## YOUR INSTRUCTIONS
Could you retype the lines below, starting at the line holding "Chichester, Wiley, 773-778." and stopping at the line holding "Wyjątkowe sandały damskie", inclusive? Copy them exactly and drop the images.

## MATERIAL PROVIDED
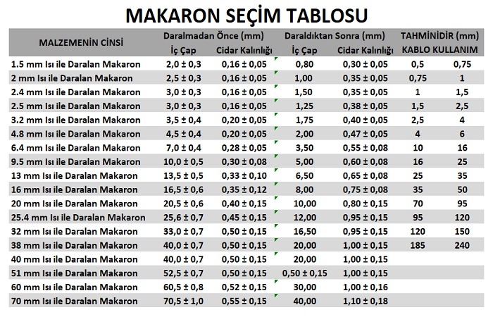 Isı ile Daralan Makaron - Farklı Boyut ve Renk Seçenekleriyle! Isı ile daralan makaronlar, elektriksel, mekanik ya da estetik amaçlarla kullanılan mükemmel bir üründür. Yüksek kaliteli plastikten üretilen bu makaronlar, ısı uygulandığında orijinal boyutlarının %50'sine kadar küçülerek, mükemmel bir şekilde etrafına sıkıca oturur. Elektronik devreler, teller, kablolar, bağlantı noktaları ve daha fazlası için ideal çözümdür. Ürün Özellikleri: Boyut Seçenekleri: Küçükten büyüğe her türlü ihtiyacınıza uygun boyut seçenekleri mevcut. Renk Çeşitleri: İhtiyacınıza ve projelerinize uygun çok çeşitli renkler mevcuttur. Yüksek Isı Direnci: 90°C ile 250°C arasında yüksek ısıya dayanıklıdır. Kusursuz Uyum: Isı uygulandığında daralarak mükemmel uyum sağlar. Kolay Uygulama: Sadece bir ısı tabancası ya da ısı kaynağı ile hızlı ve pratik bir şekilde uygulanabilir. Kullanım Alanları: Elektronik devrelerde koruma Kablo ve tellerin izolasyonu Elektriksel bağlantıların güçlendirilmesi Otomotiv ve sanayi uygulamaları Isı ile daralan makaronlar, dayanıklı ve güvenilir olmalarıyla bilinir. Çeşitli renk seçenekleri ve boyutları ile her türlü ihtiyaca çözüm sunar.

...

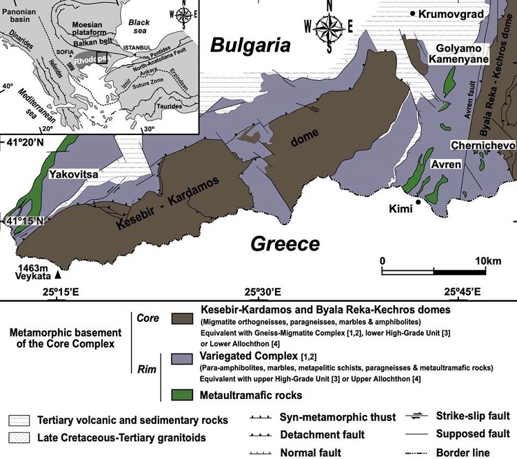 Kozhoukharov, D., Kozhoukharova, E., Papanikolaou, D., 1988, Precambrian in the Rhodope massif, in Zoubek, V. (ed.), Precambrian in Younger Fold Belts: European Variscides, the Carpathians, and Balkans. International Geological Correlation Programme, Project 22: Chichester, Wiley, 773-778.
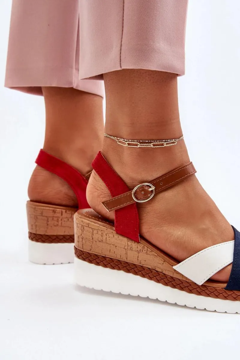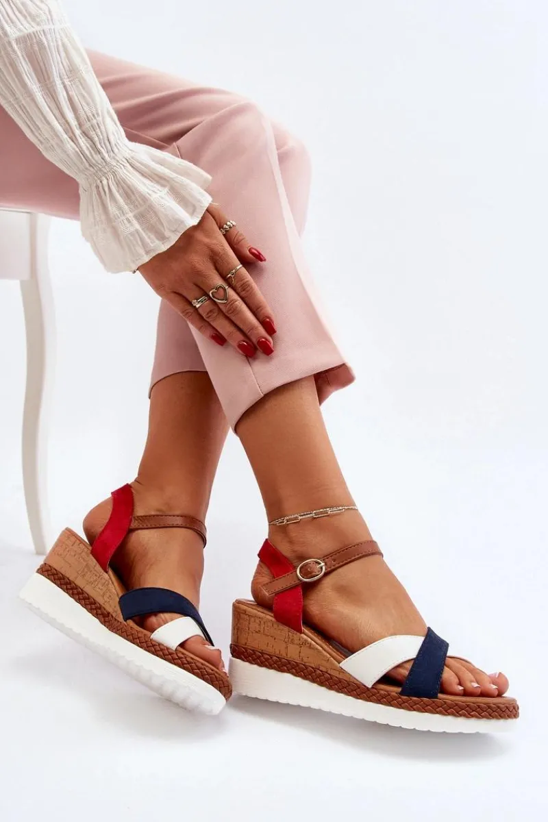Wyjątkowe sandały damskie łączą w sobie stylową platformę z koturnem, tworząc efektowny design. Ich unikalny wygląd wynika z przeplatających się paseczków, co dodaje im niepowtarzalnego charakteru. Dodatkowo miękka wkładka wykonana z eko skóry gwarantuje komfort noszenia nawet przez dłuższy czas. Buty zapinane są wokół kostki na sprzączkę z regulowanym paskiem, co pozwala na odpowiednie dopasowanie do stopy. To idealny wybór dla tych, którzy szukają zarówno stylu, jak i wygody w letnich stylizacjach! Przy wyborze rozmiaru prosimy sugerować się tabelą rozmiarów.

## REPLY
 Kozhoukharov, D., Kozhoukharova, E., Papanikolaou, D., 1988, Precambrian in the Rhodope massif, in Zoubek, V. (ed.), Precambrian in Younger Fold Belts: European Variscides, the Carpathians, and Balkans. International Geological Correlation Programme, Project 22: Chichester, Wiley, 773-778.
Wyjątkowe sandały damskie łączą w sobie stylową platformę z koturnem, tworząc efektowny design. Ich unikalny wygląd wynika z przeplatających się paseczków, co dodaje im niepowtarzalnego charakteru. Dodatkowo miękka wkładka wykonana z eko skóry gwarantuje komfort noszenia nawet przez dłuższy czas. Buty zapinane są wokół kostki na sprzączkę z regulowanym paskiem, co pozwala na odpowiednie dopasowanie do stopy. To idealny wybór dla tych, którzy szukają zarówno stylu, jak i wygody w letnich stylizacjach! Przy wyborze rozmiaru prosimy sugerować się tabelą rozmiarów.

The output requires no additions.